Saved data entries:
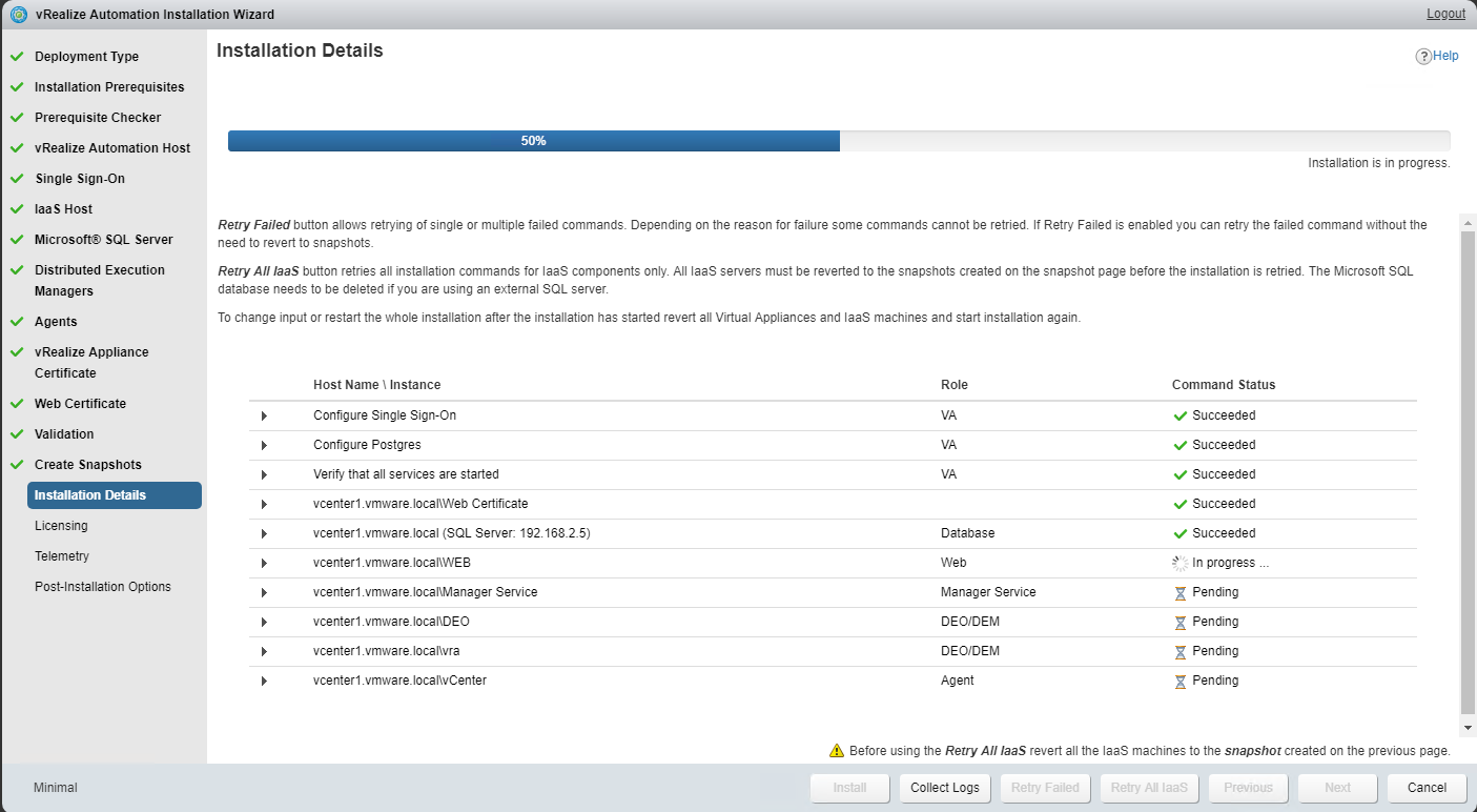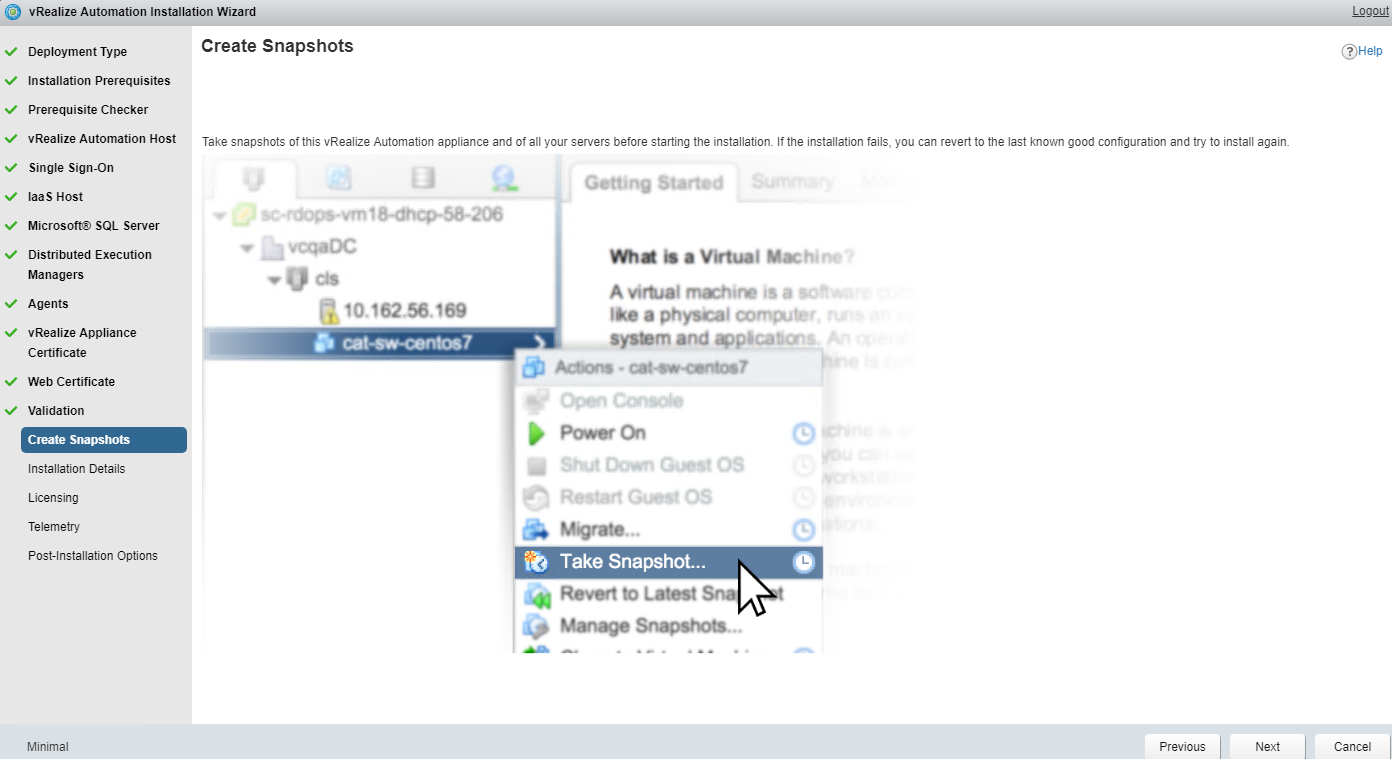 At this point installer will remind you to take snapshot of the nodes (vRA, IaaS host, IaaS DB etc) involved in this deployment.
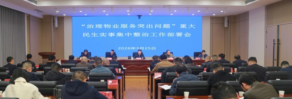 2026年3月25日,岳阳市住房和城乡建设局召开全市“治理物业服务突出问题”重大民生实事集中整治工作部署会,标志着该项民生攻坚行动全面进入实施阶段。市住建局党组书记、局长钱丹青作动员部署,市纪委监委第二纪检监察室主任潘纲出席会议并就监督工作提出要求。
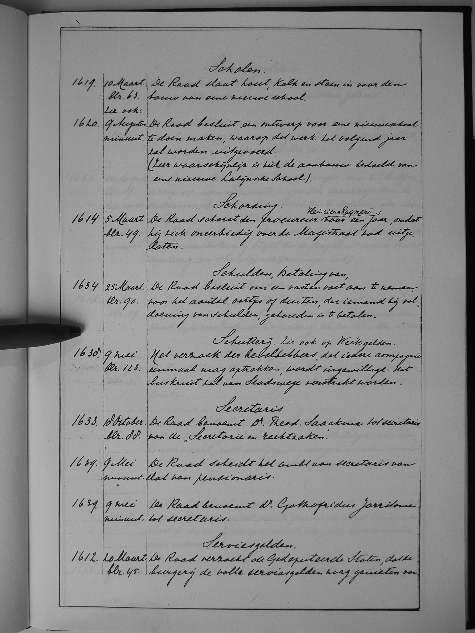 60 scholen; schorsing; schulden, betaling van; schutterij (zie ook: weekgelden); secretaris; serviesgelden
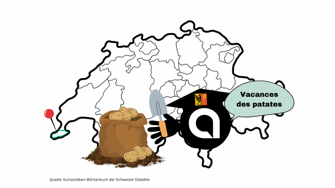 Il n’y a pas tous les cantons suisses qui utilisent les mots «vacances de patates» ou «vacances de pommes de terre«. Le canton de Genève a une forte tradition de l’expression «vacances de patates«. Le terme «vacances de vendange» 🍇🍷 est également utilisé dans certaines régions du canton de Vaud.
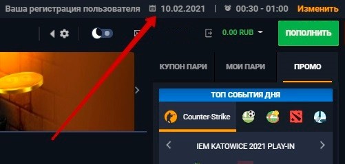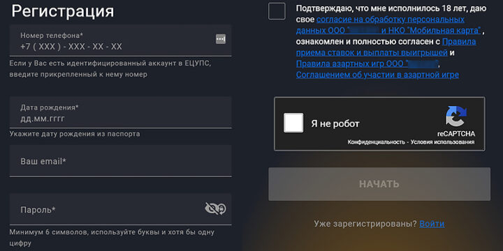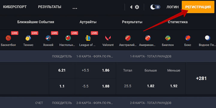- Нужно зайти на сайт букмекера и нажать кнопку «Регистрация» в правом углу экрана.
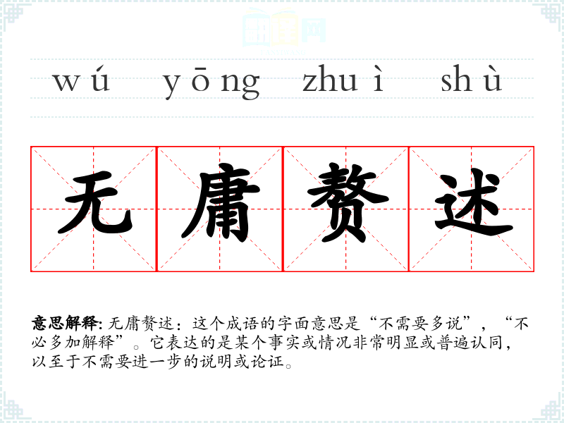 无庸赘述:这个成语的字面意思是“不需要多说”,“不必多加解释”。它表达的是某个事实或情况非常明显或普遍认同,以至于不需要进一步的说明或论证。
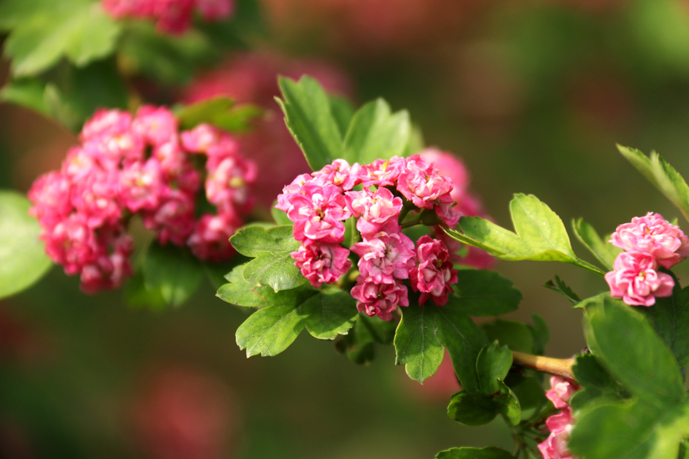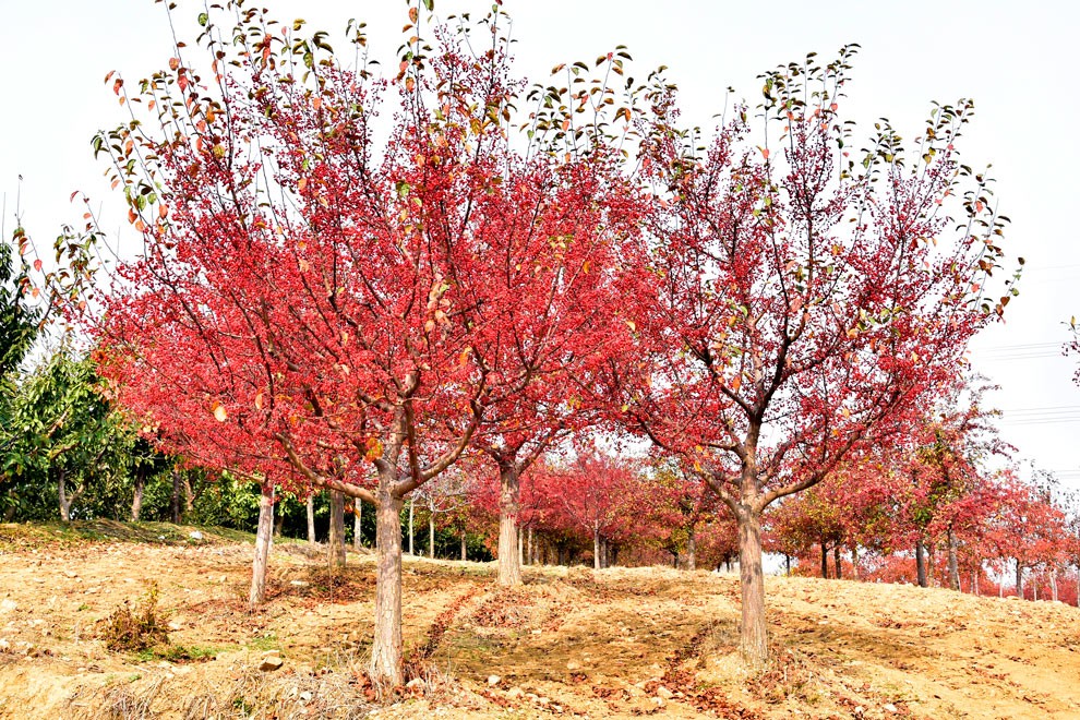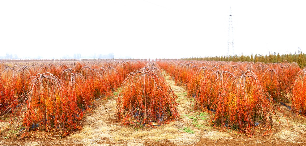 也具有多个品种,春花有白色、红色、玫红色、粉红色,花量大,有重瓣与单瓣。冬果均呈红色,是主要的观花观果类苗木。
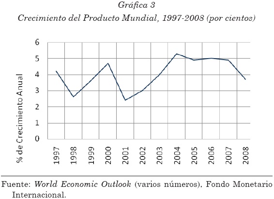 El desempeño y el dinamismo del sistema se miden y se monitorean combinando las tasas de crecimiento del PIB de cada una de las economías "nacionales" en una tasa agregada para todo el conjunto. De acuerdo con el FMI, la "economía internacional" registró un crecimiento de 4.9% en 2005 y de 5.0% en 2006, su mayor expansión en tres décadas (gráfica 3).
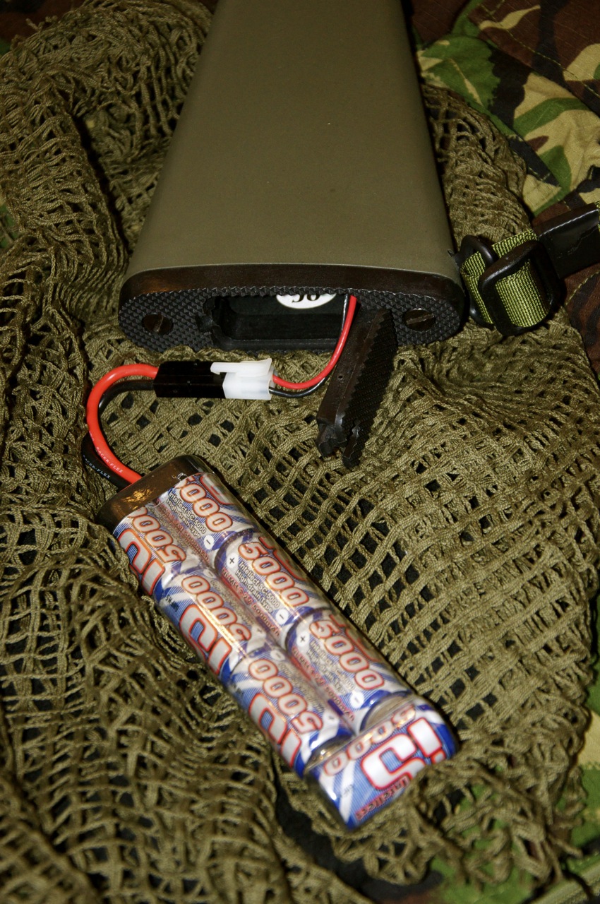 My M4 has a fixed stock, which was a requirement when I bought it, as I prefer the endurance a nice big battery gives you. I generally run it with a 5,000 mAh 8.4v item. I’m told you can use a 9.6v battery, but I’ve never really needed the extra rate of fire. Besides, I don’t want to chew up my gears quicker than I have to.
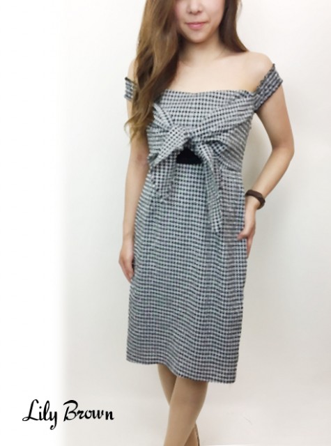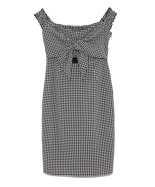 胸元の大きなリボンがポイントのオフショルワンピース。

## Description of the task
Print all the entries exactly as they appear, without the pictures.

## Response
 At this point installer will remind you to take snapshot of the nodes (vRA, IaaS host, IaaS DB etc) involved in this deployment.
 2026年3月25日,岳阳市住房和城乡建设局召开全市“治理物业服务突出问题”重大民生实事集中整治工作部署会,标志着该项民生攻坚行动全面进入实施阶段。市住建局党组书记、局长钱丹青作动员部署,市纪委监委第二纪检监察室主任潘纲出席会议并就监督工作提出要求。
 60 scholen; schorsing; schulden, betaling van; schutterij (zie ook: weekgelden); secretaris; serviesgelden
 Il n’y a pas tous les cantons suisses qui utilisent les mots «vacances de patates» ou «vacances de pommes de terre«. Le canton de Genève a une forte tradition de l’expression «vacances de patates«. Le terme «vacances de vendange» 🍇🍷 est également utilisé dans certaines régions du canton de Vaud.
- Нужно зайти на сайт букмекера и нажать кнопку «Регистрация» в правом углу экрана.
 无庸赘述:这个成语的字面意思是“不需要多说”,“不必多加解释”。它表达的是某个事实或情况非常明显或普遍认同,以至于不需要进一步的说明或论证。
 也具有多个品种,春花有白色、红色、玫红色、粉红色,花量大,有重瓣与单瓣。冬果均呈红色,是主要的观花观果类苗木。
 El desempeño y el dinamismo del sistema se miden y se monitorean combinando las tasas de crecimiento del PIB de cada una de las economías "nacionales" en una tasa agregada para todo el conjunto. De acuerdo con el FMI, la "economía internacional" registró un crecimiento de 4.9% en 2005 y de 5.0% en 2006, su mayor expansión en tres décadas (gráfica 3).
 My M4 has a fixed stock, which was a requirement when I bought it, as I prefer the endurance a nice big battery gives you. I generally run it with a 5,000 mAh 8.4v item. I’m told you can use a 9.6v battery, but I’ve never really needed the extra rate of fire. Besides, I don’t want to chew up my gears quicker than I have to.
 胸元の大きなリボンがポイントのオフショルワンピース。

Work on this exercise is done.